Can Panama Run It? A final argument against the treaty is that efficient and responsible management of the canal may be sacrificed. Since the Big Ditch was opened for business in 1914, accidents have been rare, and no ships have sunk in the canal proper. On an average day, 34 vessels move uneventfully through the canal without mishap or even tension. The U.S. has also run the canal as a bargain for shippers: tolls have been raised only twice. The operation's 1976 deficit: $7.4 million, on tolls totaling $134.3 million.
If tolls are increased and service deteriorates under Panamanian control, Latin American nations will be particularly damaged. Half of Ecuador's trade, 41% of Peru's and 77% of Nicaragua's moves through the canal. Accordingly, while these and other Latin American countries such as Colombia and Chile publicly supported U.S. cession of the canal, they conducted "back channel" talks with Washington to make sure that there would be American guarantees of uninterrupted operation.
A provision of the new treaty calls for a "feasibility study" for a second canal, but it is generally agreed that the cost would be prohibitive. Still, there is no reason to assume that Panamanians will fail to run the canal properly. They have ample time to learn on the job. And, of course, the U.S. retains the right to intervene if the canal runs into serious trouble.
The reasons for the intense commitment of many Americans to the canal may be more implied than stated.
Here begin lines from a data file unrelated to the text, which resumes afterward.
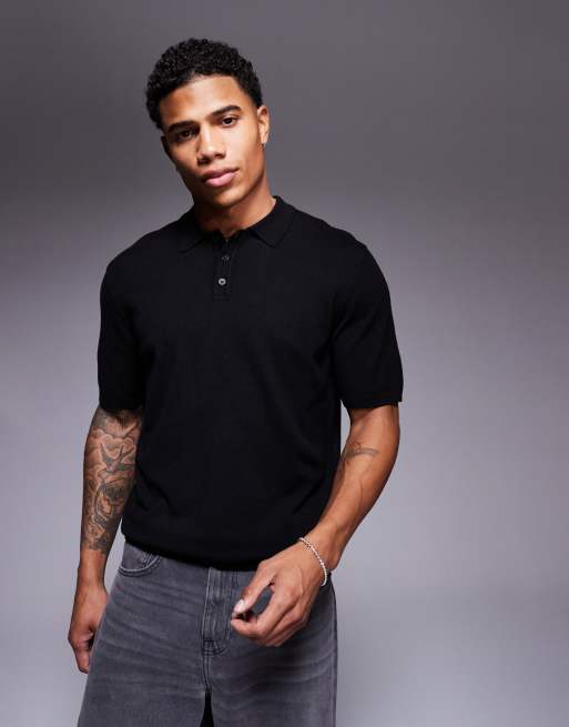 ASOS DESIGN - Sort-strikket polo - Del af sæt
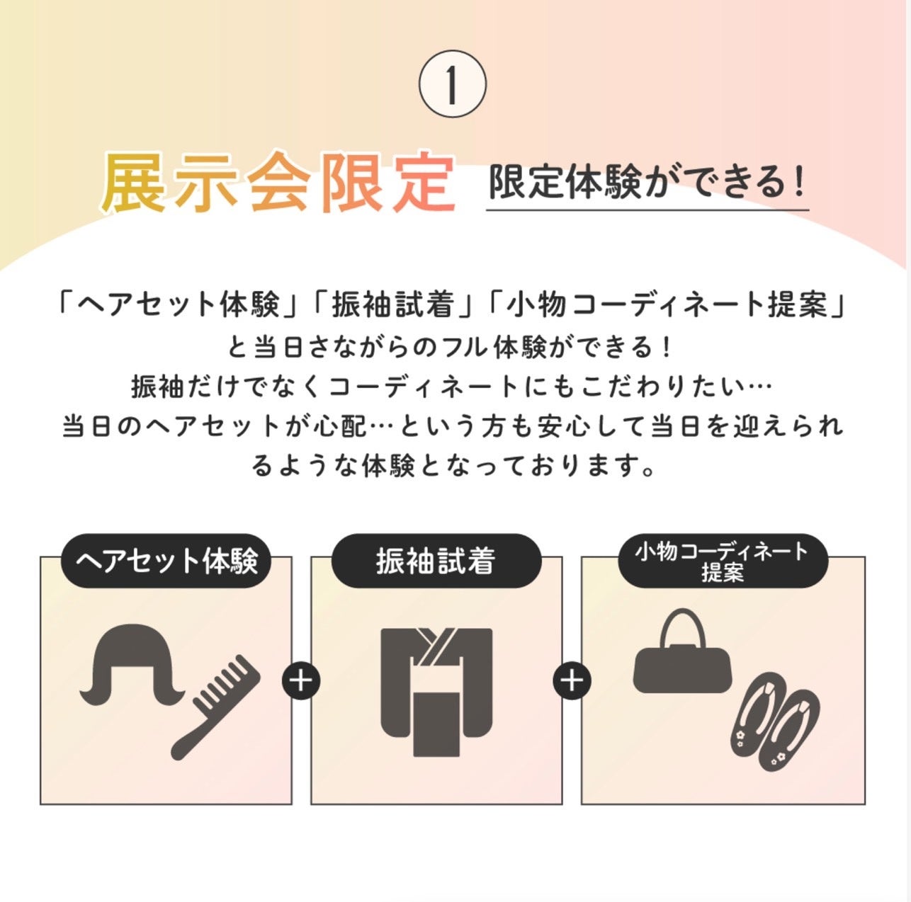 今回の展示会では「ヘアセット」×「振袖試着」×「小物コーディネート」の限定体験を実施。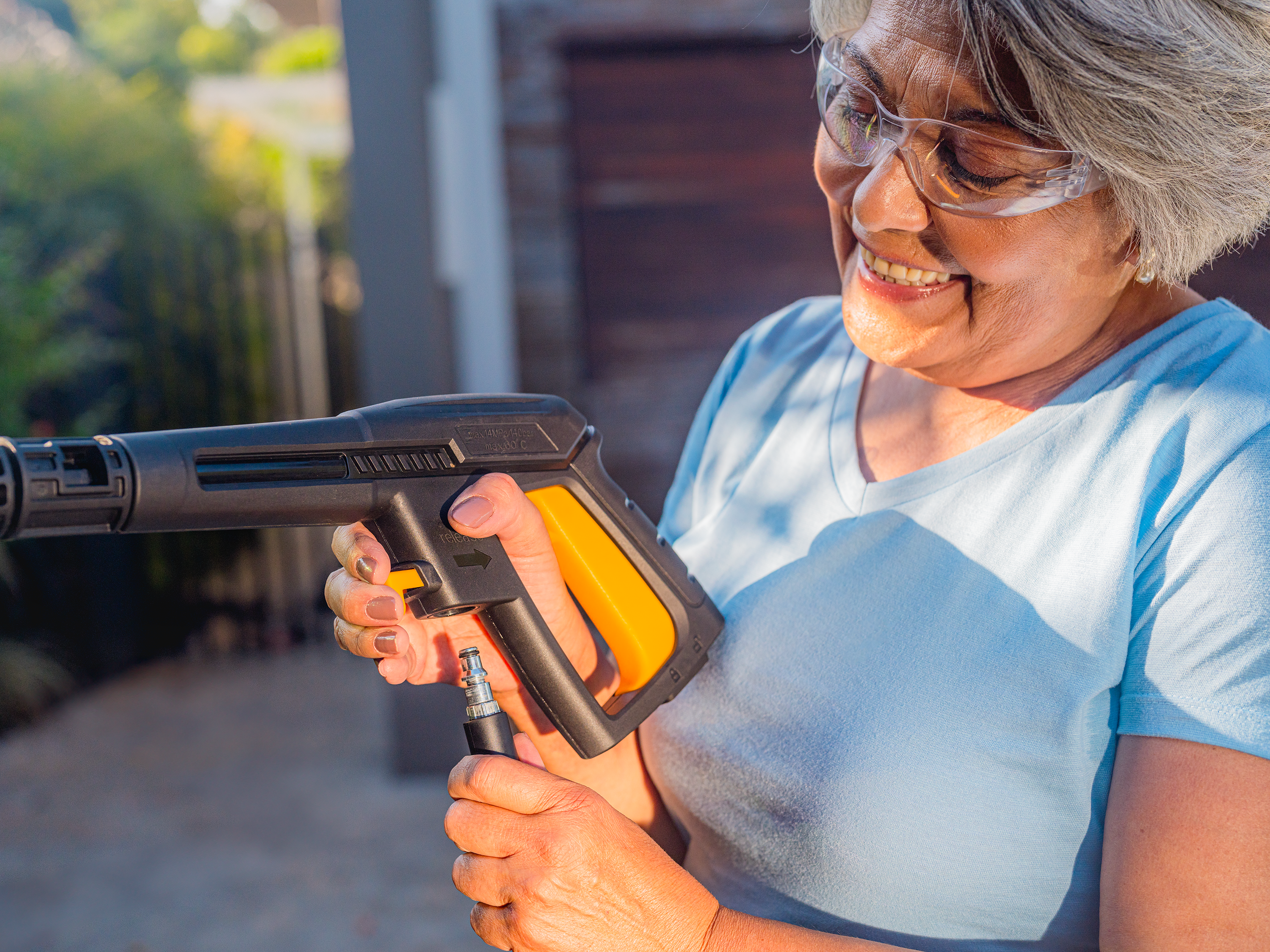- Com apenas um click, o engate rápido torna a tarefa de limpeza uma experiência descomplicada e eficaz.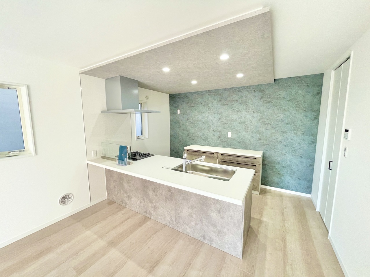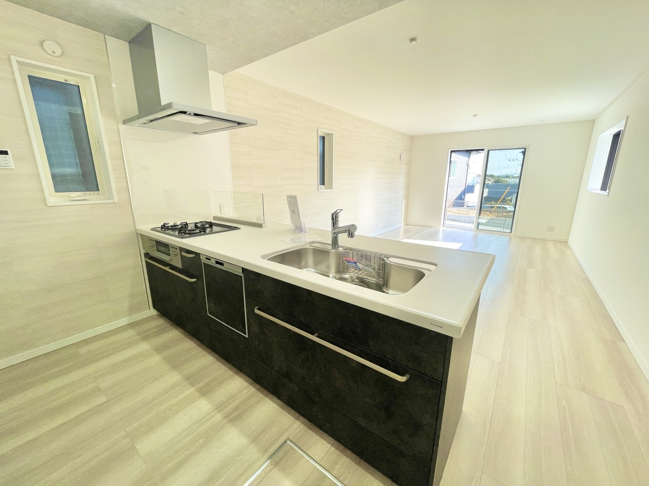 3号棟 天板90センチのペニンシュラキッチンが特徴で人気のある新築戸建。嬉しいカップボード標準仕様でキッチン周りが充実 2026/01/26m
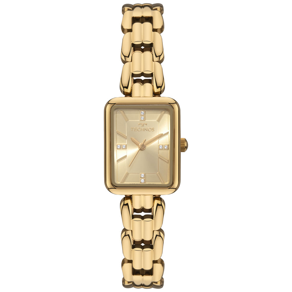 cores prata ou champanhe se destaca pelo trabalho em relevo, que adiciona textura e refinamento ao design. Os marcadores de hora com aplicação de pedras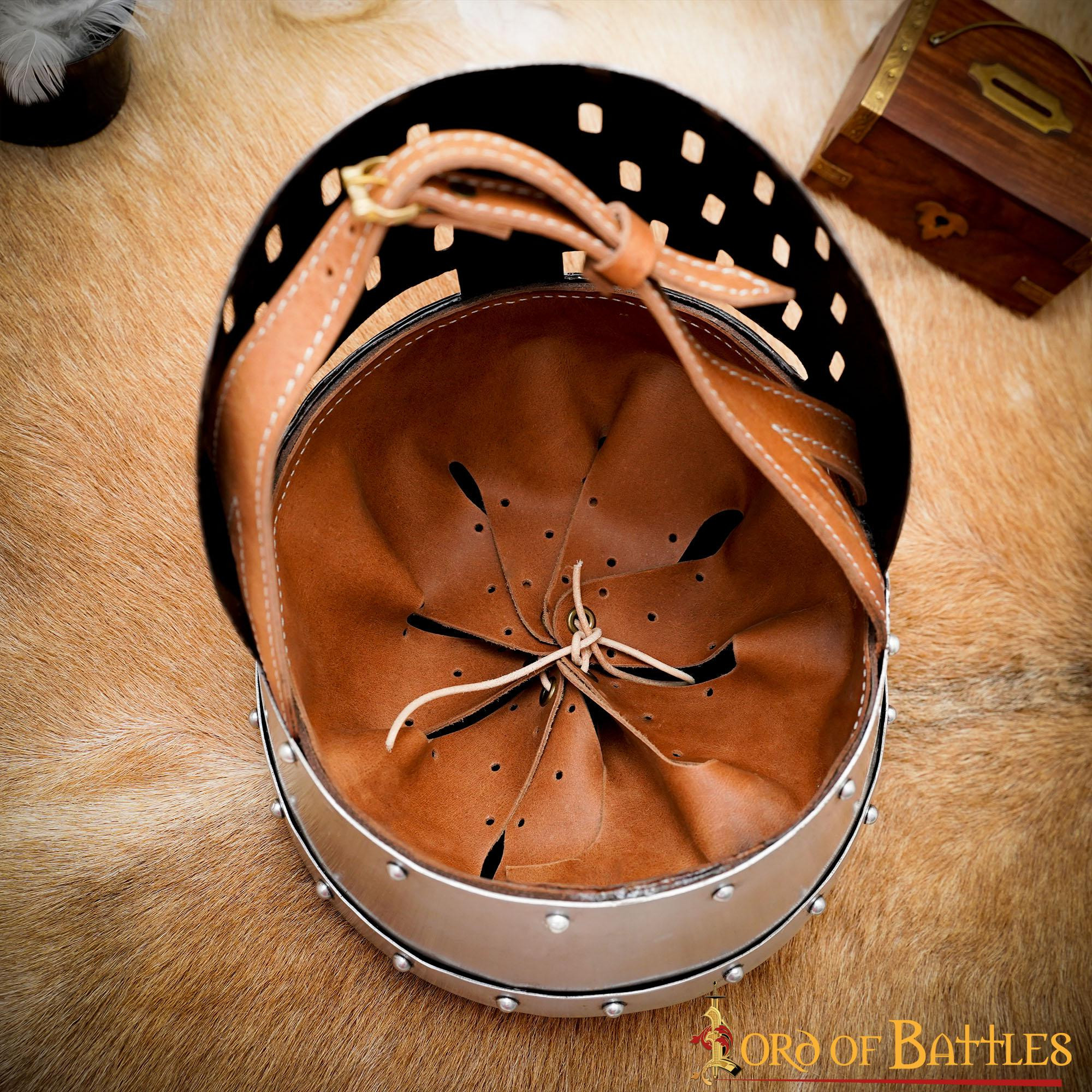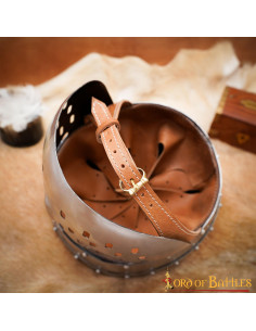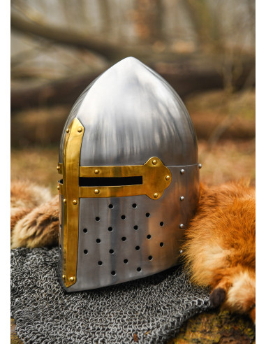 Der Kreuzritterhelm S. XII-XIII ist ein authentisches Kunstwerk, das von den Modellen des XII.-XIII. Jahrhunderts inspiriert ist. Jedes Detail dieses Helms wurde sorgfältig handgefertigt aus robustem Weichstahl der Stärke 16, um Haltbarkeit und Authentizität zu gewährleisten.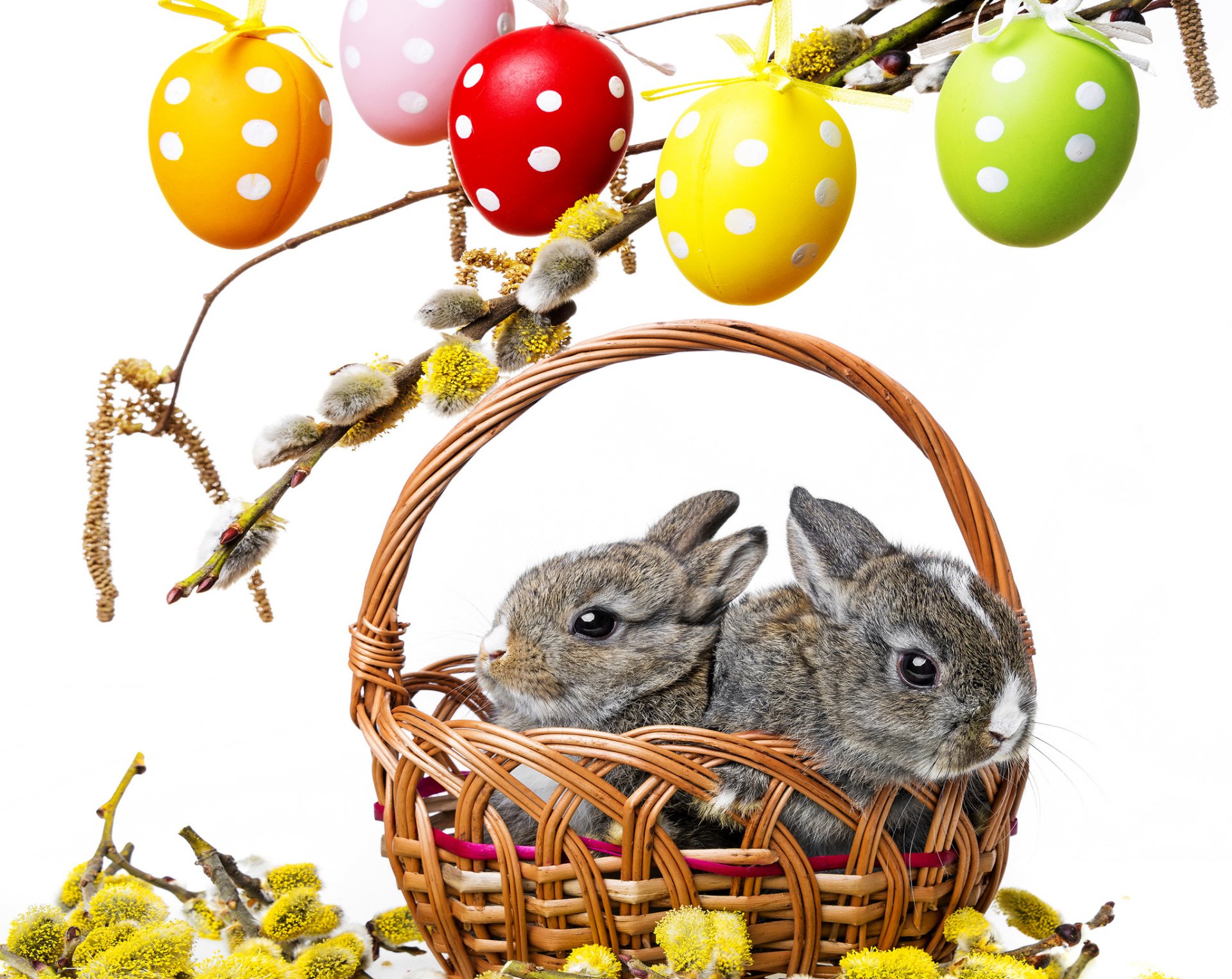 Ostereier auf dem Rasen mit einer Kaninchenfigur
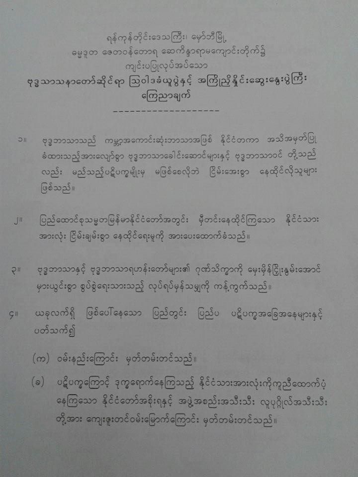 ၃။ ဗုဒၶဘာသာႏွင့္ ဗုဒၶဘာသာ ရဟန္းေတာ္မ်ား၏ ဂုဏ္သိကၡာကို ေမွးမွိန္ညႈိးႏြမ္းေအာင္ မွားရြင္းစြာ စြတိစဲြေရးသားသည့္ လုပ္ရပ္မွန္သမွ်ကိုကန္႔ကြက္သည္။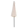 Enjoy tons of fresh air this summer without having to sit in the hot sun with our 8.5-foot traditional style wooden market umbrella. Ideal for covering a 48-inch or four-person dining set. Features sturdy wood frame, ribs, and pole that are built to last a lifetime. The double-wheel pulley allows for ease of use. Features:Umbrella shape: octagon Canopy color: burgundyFrame and pole color: wood Diameter of open umbrella: 9’Height: 8′ Pole diameter: 1.5″ (38mm) Lift: double wheel pulley 8 ribs Plastic finial top Material(s): 160 gram polyester canopy/wood pole and ribs/plasticNote: Umbrella only, base is not included

It remains a point of pride in a period of national disillusionment and setbacks. It also recalls a bygone era when a more confident U.S. could act with a free hand in Latin America. Says David McCullough, author of The Path Between the Seas, a history of the canal: "It is the physical expression of a boundless confidence, one which believed tomorrow will be better. If an archaeologist were to come across only the locks and the cuts in that jungle, his conclusion would be: 'My God, what a civilization it must have been to build this!' " Many people, adds McCullough, feel that by relinquishing the canal "we are saying something profound about ourselves, that we have reached a turning point in our growth as a nation. Will we go forward as a people with our skills and great machines, or have we become a people who are pulling in and withdrawing?"
Yet as the U.S. advances on innumerable technological fronts--last week's space shuttle test, for one example--it does not really have to prove its mettle by maintaining "in perpetuity" an achievement of the steam age. Moreover, in adjusting to a changing situation and sharing its accomplishments with the rest of the world, the nation demonstrates skills and ingenuity of a different but no less vital sort. In that sense, the Panama Canal will always be American.